This morning, as I prayed them, I thought, with many others, of the passengers and crew of the Continental Connection flight to Buffalo. The story in today’s New York Times captures something of the poignancy:

It was perhaps not the most glamorous of destinations, or the most luxurious of flights: a turboprop plane pushing through wind and snow and fog to an ailing Rust Belt city. But for many of the passengers and crew aboard, it was a journey home, even if only after a day’s work, or a chance to reconnect with friends and family for a long holiday weekend.

And, as in all such disasters, there were tales of bad luck and terrible coincidence, of great life stories and modest love affairs, of long-awaited reunions turned into rituals of grief.
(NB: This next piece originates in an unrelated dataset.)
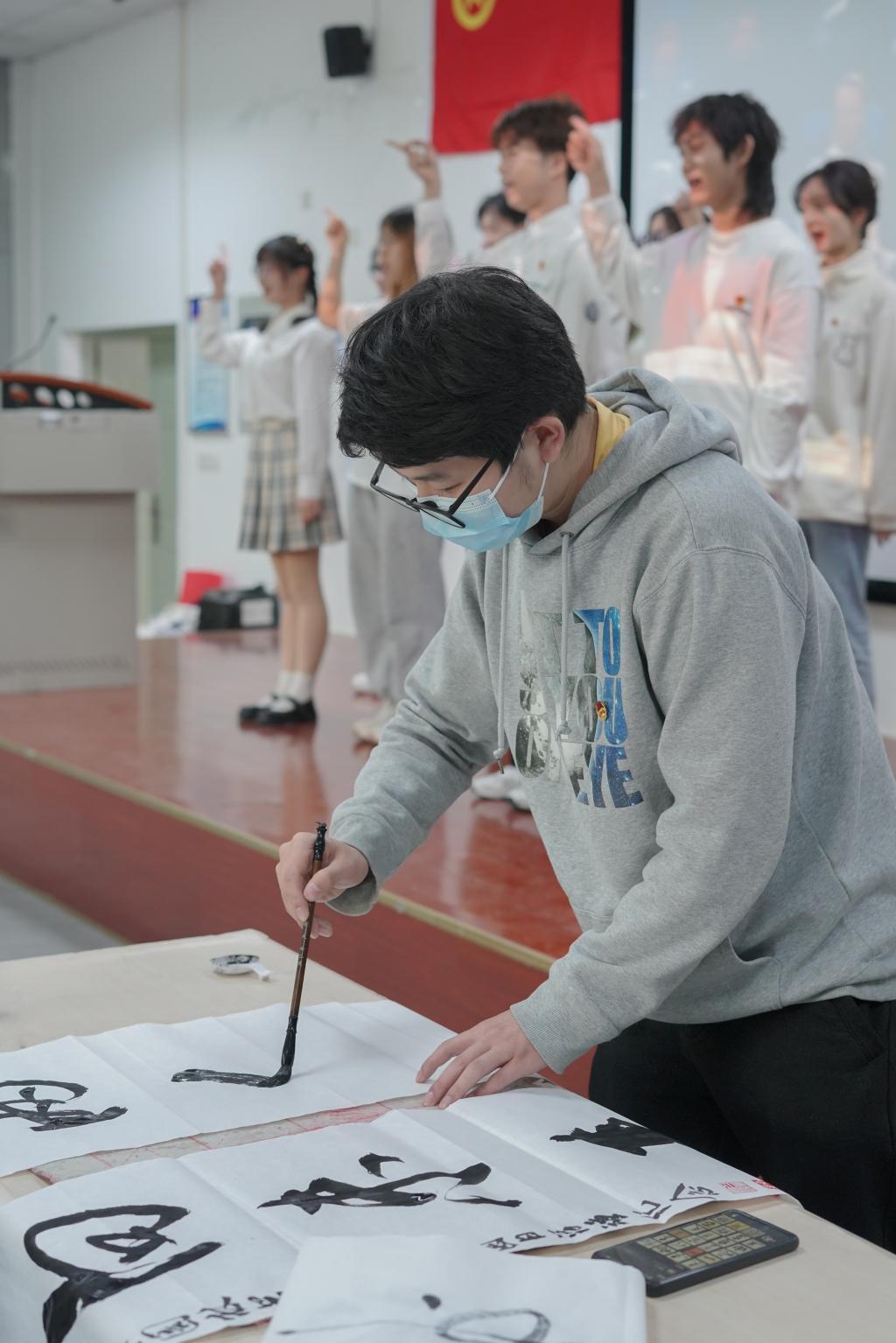 活动最后,91pron 啦啦队带来“一起向未来”手势舞表演,同时林91pron 书画队成员展示其主题的书法作品,共同合作完成表演。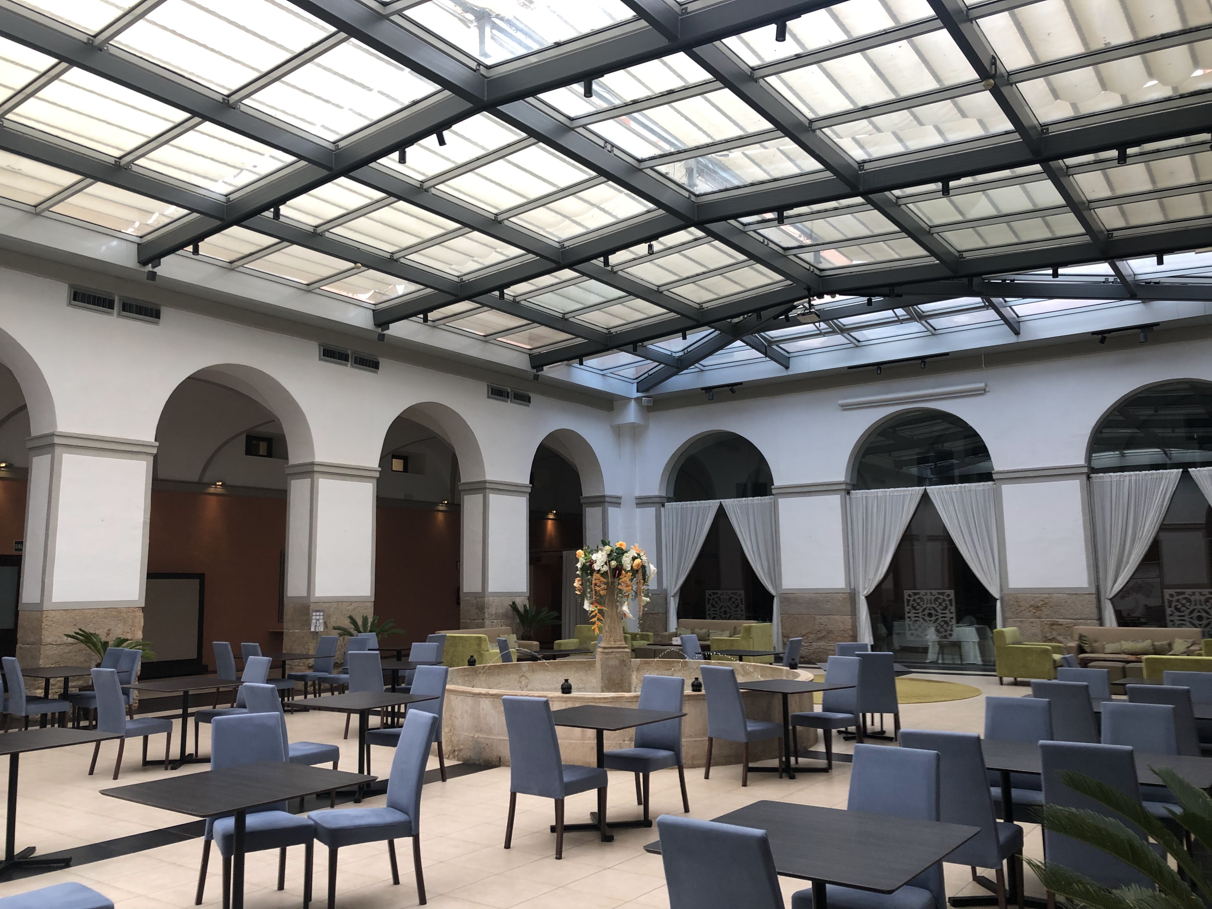 - Desayuno buffet muy correcto y restaurante María de Luna en el claustro del edificio.

The “Collect” at the end of Lauds for Saturday of the First Week in Ordinary Time sums up the believer’s hope, for ourselves and all who dwell in the shadow of death:

O God, may the light of your risen Son shine in our hearts, so that freed from the darkness of sin, we may come to share the fullness of his glory, through Christ our Lord.

(Note: I base my version of the “Collect” upon the Italian translation which brings out more clearly the Christological foundation of Christian hope. I do not have the Latin original available. If anyone does, I would be interested in which translation shows greater fidelity to the Latin.)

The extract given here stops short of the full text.